Per ottenere macrofagi polarizzati M1, aggiungere interferone gamma e lipopolisaccaride nei pozzetti di una piastra a 24 pozzetti. Per la polarizzazione M2, aggiungere l'interleuchina-4 e l'interleuchina-13. Incubare le cellule per 48 ore a 37 gradi Celsius e 5% di anidride carbonica per indurre la polarizzazione.
Dopo aver ottenuto macrofagi polarizzati derivati da monociti da cellule mononucleate del sangue periferico umano, raccogliere il surnatante cellulare in una provetta da 1,5 millilitri. Trasferire il disco in titanio su una nuova piastra a 24 pozzetti. Centrifugare il surnatante cellulare a 300 g per cinque minuti e trasferire il surnatante in una nuova provetta.
Misurare le citochine e le chemochine a 450 nanometri secondo le istruzioni specifiche fornite dal produttore. Calcola la concentrazione di citochine o chemochine secrete utilizzando la curva standard. Misurare la quantità totale di proteine utilizzando il kit per il dosaggio delle proteine dell'acido bicinconinnico.

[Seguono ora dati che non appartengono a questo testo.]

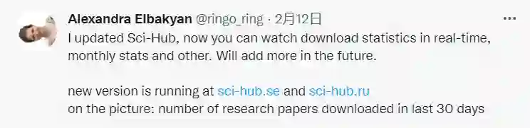 最近,Sci-Hub创始人Alexandra Elbakyan发布推文称自己更新了Sci-Hub,用户现在可以查看实时下载数据、月度下载数据等等。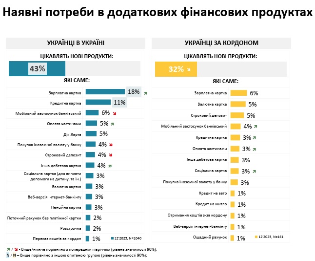 Опитані, що наразі знаходяться в Україні, мають більші потреби в додаткових банківських продуктах порівняно з тими, хто наразі за кордоном: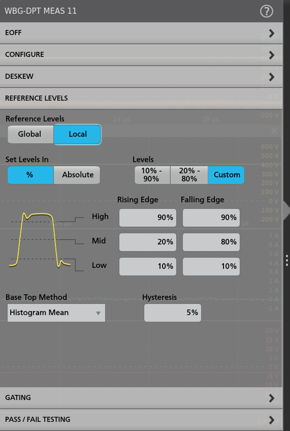 The WBG-DPT application software defaults to the industry standard 10% and 90% threshold values shown in Figure 27. It also supports custom threshold settings. The default levels are used in this example.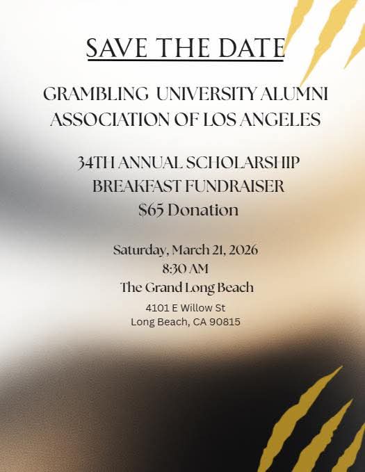 Join the Grambling University Alumni Association of Los Angeles for the 34th Annual Scholarship Breakfast Fundraiser and help support the next generation of Tigers. Mark your calendar for Saturday, March 21, 2026, at 8:30 AM at The Grand Long Beach, and be a part of a meaningful morning of fellowship, purpose, and impact. Your participation and $65 donation help open doors through education—don’t miss it!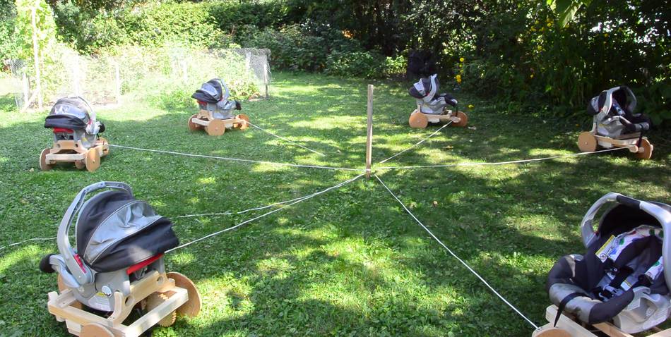 Our baby Harriet really likes car rides and stroller rides, so I was thinking of a machine to simulate that. Ideally, with some slow turning bumpy cams to make for irregular motion. My next thought was to make something that slowly pulls the stroller across a bumpy lawn, and from that, figured, why not some sort of motorized carriage to drive the baby in circles on the lawn?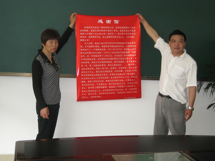 刘浩同学在今年3月份发现身患急性淋巴性白血病后,全校师生积极行动起来,人人伸出了扶危济困之手,在校园内唱响了一曲爱的奉献大合唱,全校师生共为刘浩同学捐款两万多元,并帮助他联系市慈善总会和保险公司,为刘浩同学战胜病魔提供了精神氛围。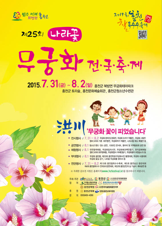 제25회 나라꽃 무궁화 전국축제가 오는 31일부터 8월 2일까지 홍천도시산림공원 토리 숲과 홍천문화예술회관, 북방면 무궁화 테마파크에서 홍천찰옥수수축제와 함께 열린다.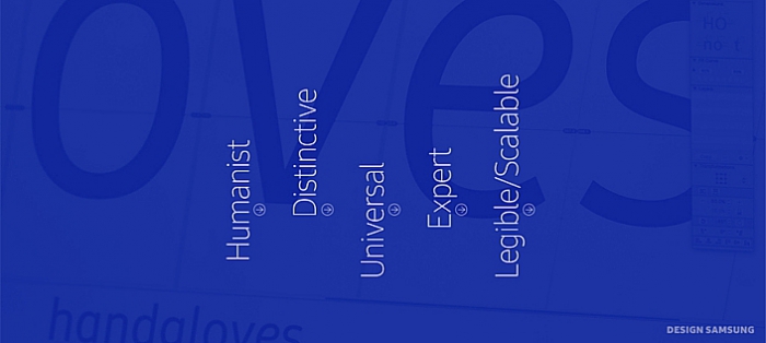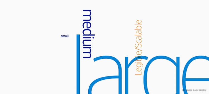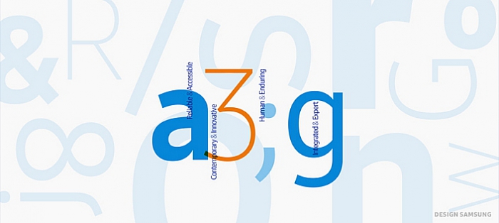 Как заявляют в компании, фирменный шрифт находится в самом сердце ДНК нового визуального языка. SamsungOne — солидный, жизнеутверждающий и четкий, выполнен в теплых тонах. Он прекрасно смотрится и в большом, и в малом масштабе. Над созданием шрифта трудился известный типограф Нэвилл Броди.
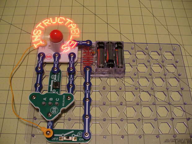 Circuitos de Snap es un juguete educativo que enseña electrónica con componentes electrónicos de encaje a presión-junto sin soldadura. Cada componente tiene el símbolo esquemático y una etiqueta impresa en su caja de plástico para fácil identificación. Que encajen con lo que parecen ser los broches de la ropa ordinaria. Los componentes también encajen en una rejilla base plástica de la 10 X 7 algo análoga a una placa sin soldadura.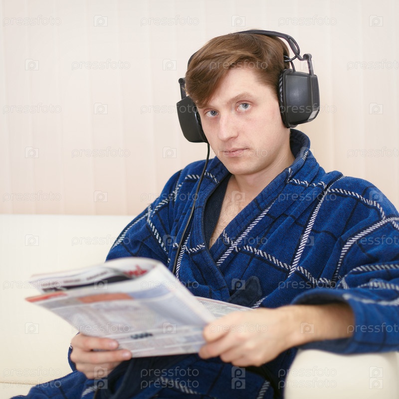 Человек с большими наушниками на голове читает журнал, сидя на диване в домашнем халате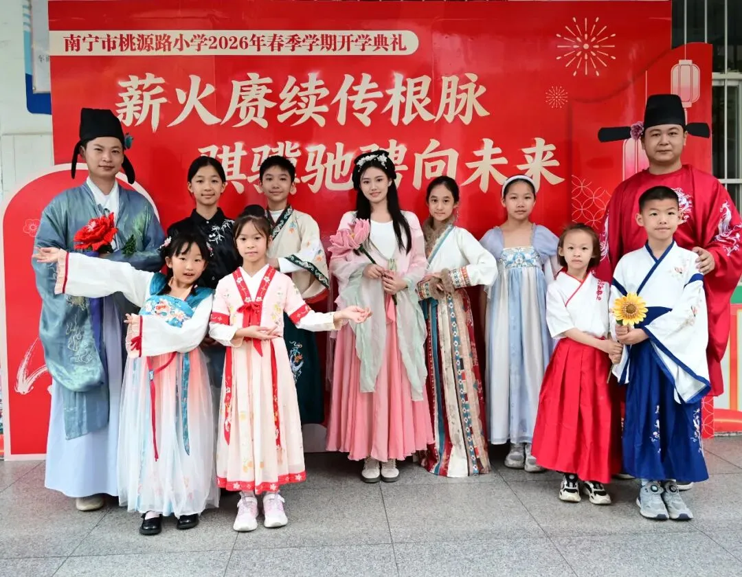 此次开学典礼,既是一场充满仪式感的开学序曲,更是一堂生动的爱国主义教育和传统文化教育课。南宁市桃源路小学以此为契机,将传承中华文脉、铸牢中华民族共同体意识融入校园教育的点滴,引导全体学生以龙马精神昂扬奋进,以凌云之志逐梦前行。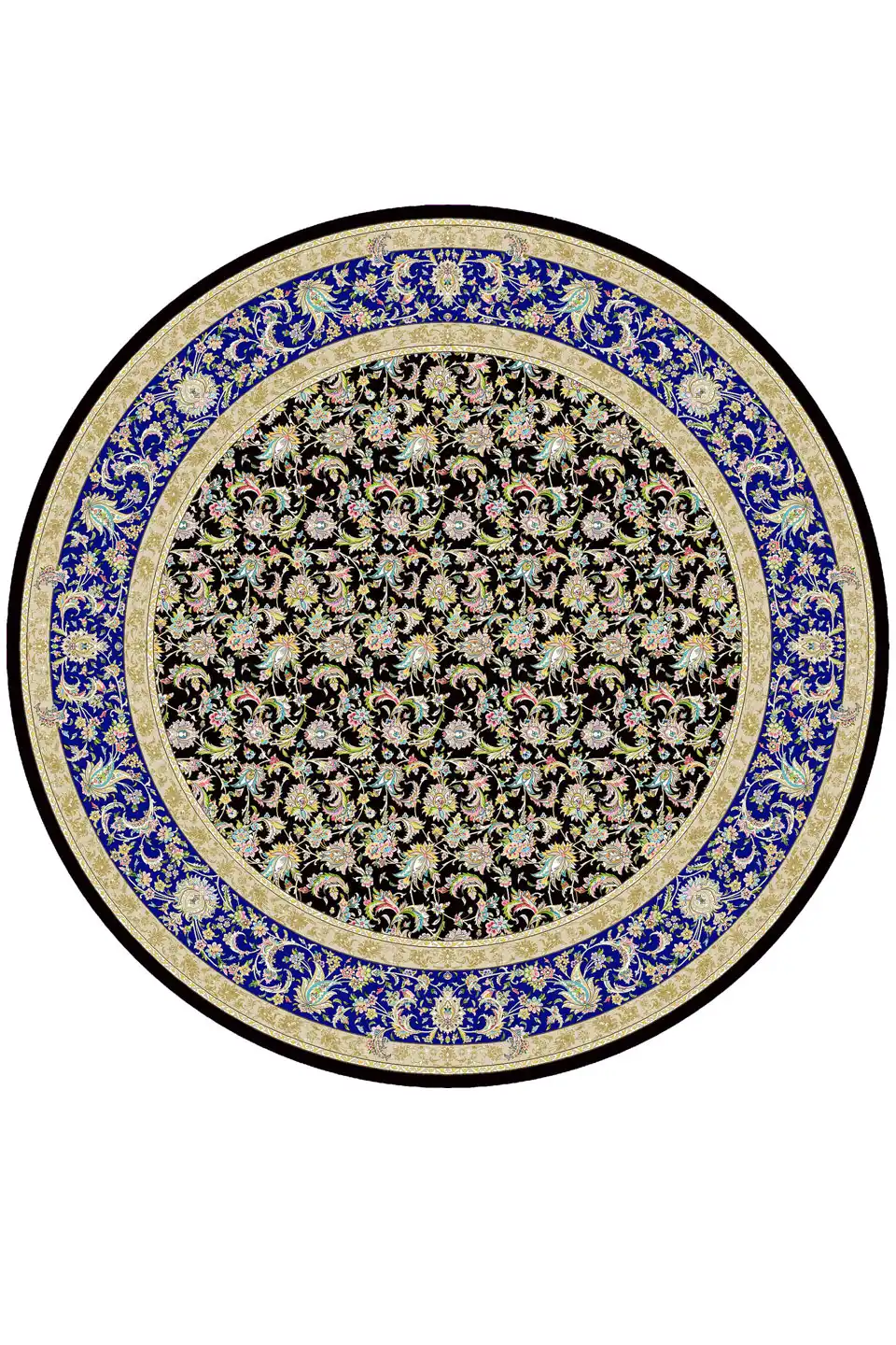 فرش ابریشم گرد طرح افشان 16009 مشکی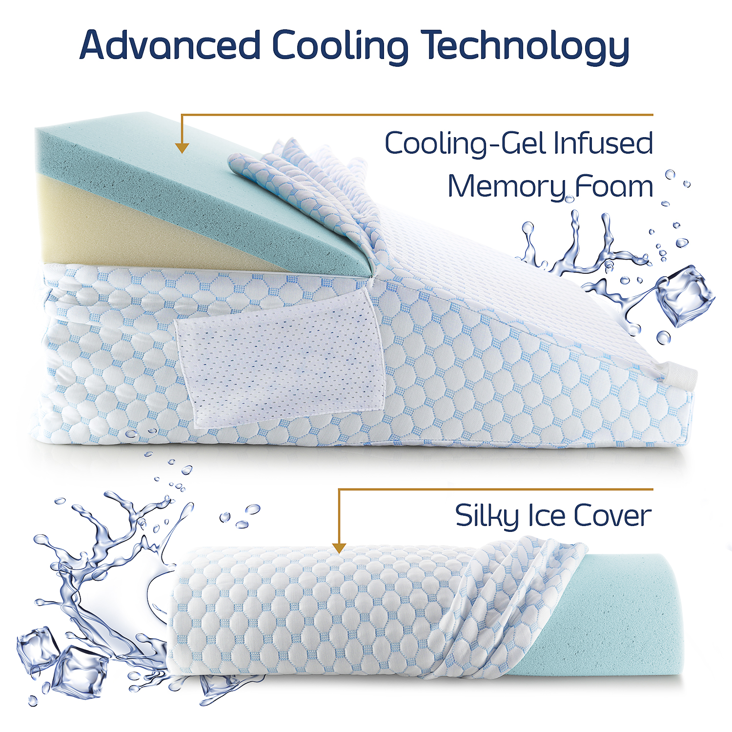 Memory Foam Pillow Wedge - Nestl’s back support pillow features a 1.5” layer of gel-infused memory foam, so the pillow perfectly contours to your shape and posture. COOLING cover is made of ultra-breathable cooling ice silk material - cool to the touch, perfect to combat unwanted night sweats and provide you with deep, refreshing sleep. The COOLING pillow cover is removable and machine washable. Machine-wash in cold water. Tumble dry on low and remove promptly.

Normalizzare la concentrazione di proteine secrete in milligrammi di proteine totali. Lavare due volte i macrofagi polarizzati in 800 microlitri di PBS. Incubare i dischi in 400 microlitri di tampone di fissazione per 20 minuti a temperatura ambiente.
Dopo aver rimosso il tampone di fissaggio, lavare i dischi tre volte in 400 microlitri di PBS. Ora, incubare i dischi con 400 microlitri di tampone bloccante per 30 minuti per bloccare i siti di legame non specifici. Eliminare il tampone bloccante e incubare i dischi per un'ora con anticorpi primari diluiti in 400 microlitri di tampone di colorazione.
Dopo un'ora, rimuovere gli anticorpi primari e lavare i dischi tre volte con 400 microlitri di tampone di lavaggio. Aggiungere fluoro per gli anticorpi secondari marcati diluiti nel tampone di colorazione e incubare per un'ora a temperatura ambiente al buio. Dopo l'incubazione, lavare i campioni tre volte nel tampone di lavaggio per tre minuti ciascuno.
Aggiungere 10 millimolari di DRAQ5 in PBS e incubare per 15 minuti al buio. Quindi, rimuovere il surnatante e lavare i dischi una volta con PBS. Aggiungere una goccia di mezzo di montaggio e, dopo cinque minuti, applicare gli occhiali di copertura e lasciare asciugare i campioni per un'ora.
Dopo l'asciugatura, sigillare i bordi con smalto trasparente. Per ottenere una panoramica delle cellule, è possibile visualizzare i campioni su un microscopio confocale a scansione laser con un ingrandimento di 25X. Modificare l'ingrandimento a 63X per determinare la struttura e la localizzazione dei marcatori di superficie.
I macrofagi primari derivati da monociti sono stati polarizzati con successo in macrofagi M1 e M2 su superfici di titanio, con CCR7 più fortemente espresso nei macrofagi M1 e CD209 nei macrofagi M2. L'analisi qRT-PCR ha mostrato il successo della polarizzazione dei macrofagi primari derivati da monociti su entrambe le superfici in titanio e vetrino coprioggetto con un'elevata espressione di CCR7 e TNF-alfa per M1 e CD209 e CCL13 per M2. Alti livelli di citochina infiammatoria TNF-alfa e chemochina CCL13 hanno confermato la polarizzazione M1 e M2 a livello proteico.